Welche Voraussetzungen brachten Sie bei Ihrer Gründung schon mit?
Ich habe bis jetzt noch kein Unternehmen gegründet, aber eine NGO in der Slowakei, in der wir uns schon seit fünf Jahren auf die Organisation von verschiedenen Kulturveranstaltungen konzentrieren (z.B. Creative Mornings Bratislava). Durch mein Studium im Theaterbereich und Film & Media Produktion bin ich es gewohnt, im Team zu arbeiten. Kollaboration und Austauch ist bei cp!s extrem wichtig. Ich denke, dass meine vorherige Arbeit mir damit zum Vorteil wurde.
Tauschen Sie sich auch mit anderen Gründer/innen aus?
Bis jetzt haben wir leider nicht so viele Möglichkeiten, uns mit anderen Gründern auszutauschen. Wir sitzen in verschiedenen Gebäuden. Deswegen freue ich mich auf gemeinsame Veranstaltungen. Wir suchen immer nach Kontakten zu jungen Wissenschaftlern (am besten Chemiker), die in unser Team neue Idee und Impulse bringen können.
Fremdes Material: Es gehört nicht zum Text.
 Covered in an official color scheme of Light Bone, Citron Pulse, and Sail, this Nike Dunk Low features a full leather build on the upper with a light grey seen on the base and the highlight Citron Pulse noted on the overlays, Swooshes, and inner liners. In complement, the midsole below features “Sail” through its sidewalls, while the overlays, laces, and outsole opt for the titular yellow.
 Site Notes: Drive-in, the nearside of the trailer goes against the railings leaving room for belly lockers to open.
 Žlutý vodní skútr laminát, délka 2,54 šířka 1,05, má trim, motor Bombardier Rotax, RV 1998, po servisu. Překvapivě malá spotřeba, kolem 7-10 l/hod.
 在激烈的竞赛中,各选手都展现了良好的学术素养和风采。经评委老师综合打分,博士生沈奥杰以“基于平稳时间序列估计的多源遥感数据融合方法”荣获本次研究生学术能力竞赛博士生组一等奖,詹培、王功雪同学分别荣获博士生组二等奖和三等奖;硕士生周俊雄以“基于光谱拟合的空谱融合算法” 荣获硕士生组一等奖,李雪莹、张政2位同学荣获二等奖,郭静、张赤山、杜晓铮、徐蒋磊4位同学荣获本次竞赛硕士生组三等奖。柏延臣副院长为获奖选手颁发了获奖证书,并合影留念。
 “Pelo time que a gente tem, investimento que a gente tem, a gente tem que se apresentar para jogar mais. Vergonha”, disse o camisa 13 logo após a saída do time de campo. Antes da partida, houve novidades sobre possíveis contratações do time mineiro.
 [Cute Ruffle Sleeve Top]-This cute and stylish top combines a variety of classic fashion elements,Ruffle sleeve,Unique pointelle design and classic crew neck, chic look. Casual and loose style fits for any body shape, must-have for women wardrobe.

Welchen Tipp geben Sie anderen Gründer/innen?
Am besten lernt man aus den Fehlern, die man selbst gemacht hat. Ein Problem für uns war, dass es unserem Projekt an einer Struktur gefehlt hat. Grund dafür war vermutlich auch, dass wir aufgrund unserer finanziellen Lage keinen richtigen Arbeitsplatz hatten. Wir möchten uns nun eine gute Struktur erarbeiten und uns greifbare und realistische Ziele setzten.
Ich denke, es ist sehr wichtig, dass man von Leuten und Kollegen umgeben ist, die an das Projekt oder Produkt wirklich glauben. Zudem ist es sehr wichtig, Dinge, die nicht so gut laufen, sofort zu ändern und nicht erst ein halbes Jahr später.
Haben Sie Pläne zur Herstellung weiterer Produkte aus Ihrem entwickelten Material? Was sind Ihre langfristigen Pläne?
Wir bei cp!s haben die Vision, Trendsetter für ansprechende Nachhaltigkeit zu werden. Und das ist schon ganz mutig, denke ich. Brillen sind unser proof-of-concept-Produkt. Daran wollen wir unsere Technologie und unser Kommunikationskonzept testen. Das größte Ziel ist unsere Kollektion auf den Markt zu bringen. Am Anfang möchten wir im Fashion-Bereich bleiben und als nächstes mit der Biokompatibilität von unserem Material arbeiten und z.B. Spielzeuge für Kinder entwickeln. Unser Ziel ist es, neben eigenen Produkten uns selbst und verschiedene Firmen in ökologischen und ökonomischen Thematiken weiter zu bilden. Aber alles ist noch offen und wir freuen uns auf die nächste Zeit.